HTTP-verzoek is verzonden; wachten op antwoord... 200 OK
Lengte: 24612 (24K) [application/pdf]
Wordt opgeslagen als: ‘rfc4648.txt.pdf’
rfc4648.txt.pdf 100%[=================================================>] 24,04K 159KB/s in 0,2s
2020-04-18 19:03:26 (159 KB/s) - '‘rfc4648.txt.pdf’' opgeslagen [24612/24612]
jaap@laptop:~$ hashrat -sha256 -64 rfc4648.txt.pdf
hash='sha256:ywu0vq367WZKEvDcqm6dwB/8wh88muIbHJJdV0uIftg=' type='file' mode='100644' uid='1000' gid='1000' size='24612' mtime='1161046850' inode='10753551' path='rfc4648.txt.pdf'
jaap@laptop:~$ hashrat -sha256 -p64 rfc4648.txt.pdf
hash='sha256:mkiojeruvLO-4j3ReauSk1zwkWwwai8Q799SKoi8UhV' type='file' mode='100644' uid='1000' gid='1000' size='24612' mtime='1161046850' inode='10753551' path='rfc4648.txt.pdf'
jaap@laptop:~$ python3
Python 3.7.3 (default, Dec 20 2019, 18:57:59)
[GCC 8.3.0] on linux
Type "help", "copyright", "credits" or "license" for more information.
>>> import hashlib
>>> import base64
>>> file = open("/home/jaap/rfc4648.txt.pdf",mode='rb')
>>> data = file.read()
>>> sha256_digest = hashlib.sha256(data).digest()
>>> sha256_b64 = base64.b64encode(sha256_digest)
>>> sha256_b64_urlsafe = base64.urlsafe_b64encode(sha256_digest)
>>> print(sha256_b64)
b'ywu0vq367WZKEvDcqm6dwB/8wh88muIbHJJdV0uIftg='
>>> print(sha256_b64_urlsafe)
b'ywu0vq367WZKEvDcqm6dwB_8wh88muIbHJJdV0uIftg='
>>> quit()

The testhashes in https://github.com/ColumPaget/Hashrat/blob/master/check.sh are also not rfc 4648 compliant:

TestHash 64 "base 64 encoding" aOiOe0ag+9ilTIky0qlxDQ==
...
TestHash p64 "'website compatible' base 64 encoding" "PDXDToPVyxX_I8Zmoe_l3F"

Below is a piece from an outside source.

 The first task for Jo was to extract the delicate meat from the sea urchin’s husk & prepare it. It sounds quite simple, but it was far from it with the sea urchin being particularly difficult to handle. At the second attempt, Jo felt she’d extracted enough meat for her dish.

The problem is probably in https://github.com/ColumPaget/libUseful/blob/master/Encodings.h:

#define BASE64_CHARS "ABCDEFGHIJKLMNOPQRSTUVWXYZabcdefghijklmnopqrstuvwxyz0123456789+/"
...
#define PBASE64_CHARS "0123456789-ABCDEFGHIJKLMNOPQRSTUVWXYZ_abcdefghijklmnopqrstuvwxyz"

This last line is not rfc 4648 compliant. It must be:
#define PBASE64_CHARS "ABCDEFGHIJKLMNOPQRSTUVWXYZabcdefghijklmnopqrstuvwxyz0123456789-_"

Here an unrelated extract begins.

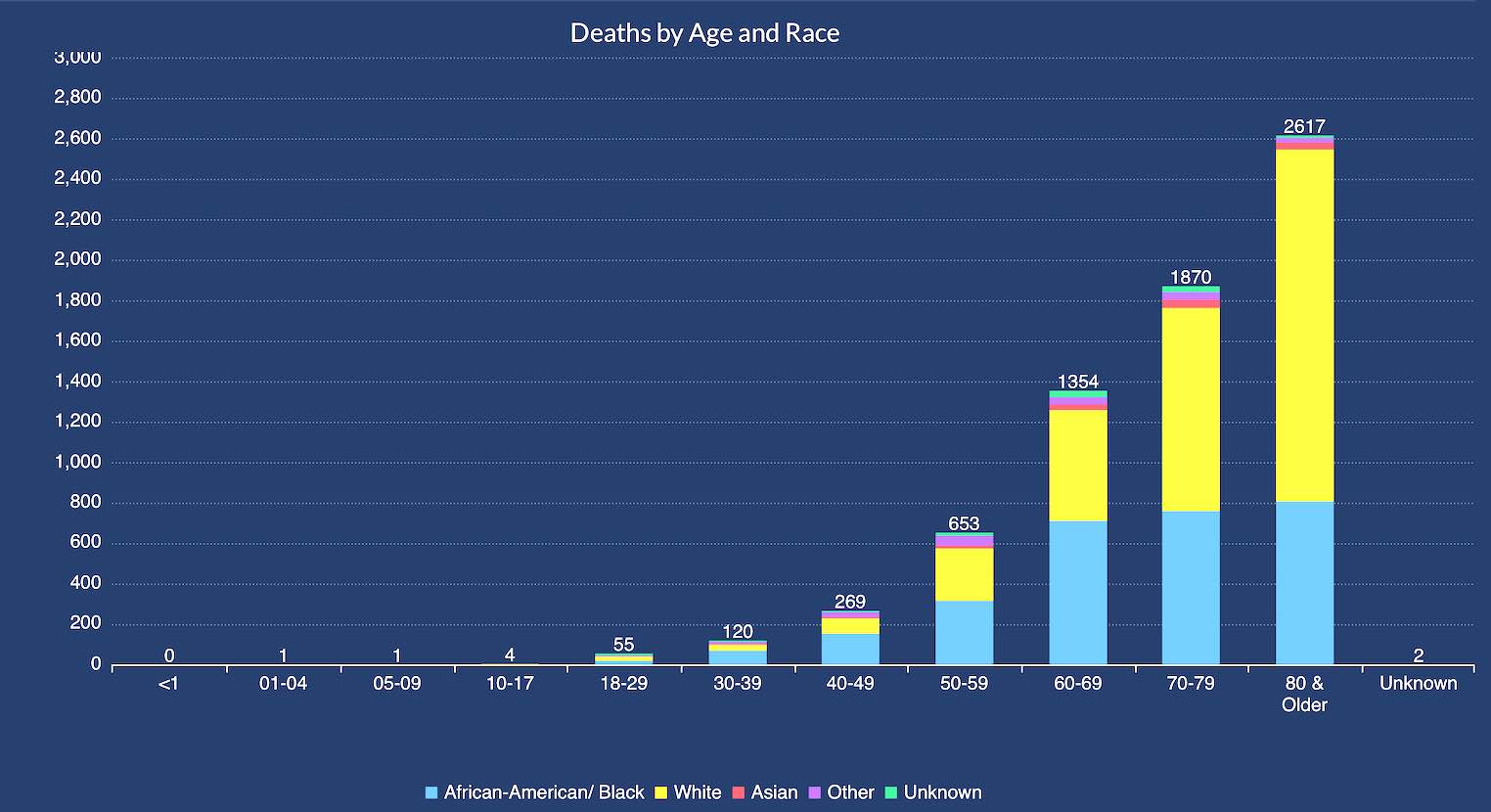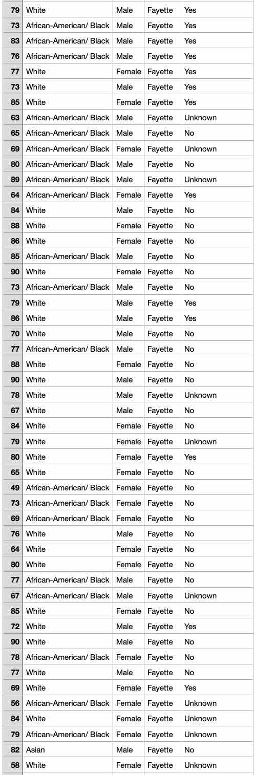 Here’s the breakdown of the 50 fatalities: 11 black males, ranging from age 63 to age 89; 13 white males, ranging from 67 to 90; 16 white females from 58 to 90; 8 black females, ranging in age from 49 to 78; an 82-year-old Asian male; and a 56-year-old female of unknown race. There are now 3 persons aged 90 — one white female and 2 white males — who are the oldest victims of Covid-19 in Fayette County. The youngest victim so far is a 49-year-old African-American woman with no known underlying medical conditions.

See also: ColumPaget/libUseful#3

Hi jvw1954. I don't think I originally made the -p64 option to be rfc4648 compliant, I didn't even know that rfc existed, I think. I just found there were some issues with websites and came up with a schema to handle that. But there's no reason why I couldn't add another schema with the config you've given it here, and maybe call it '-r64' or '-rfc4648', or both! I'll do it and release a new version shortly.

New version of Hashrat (v1.13) is now out with the -r64 (or also the -rfc4648) option.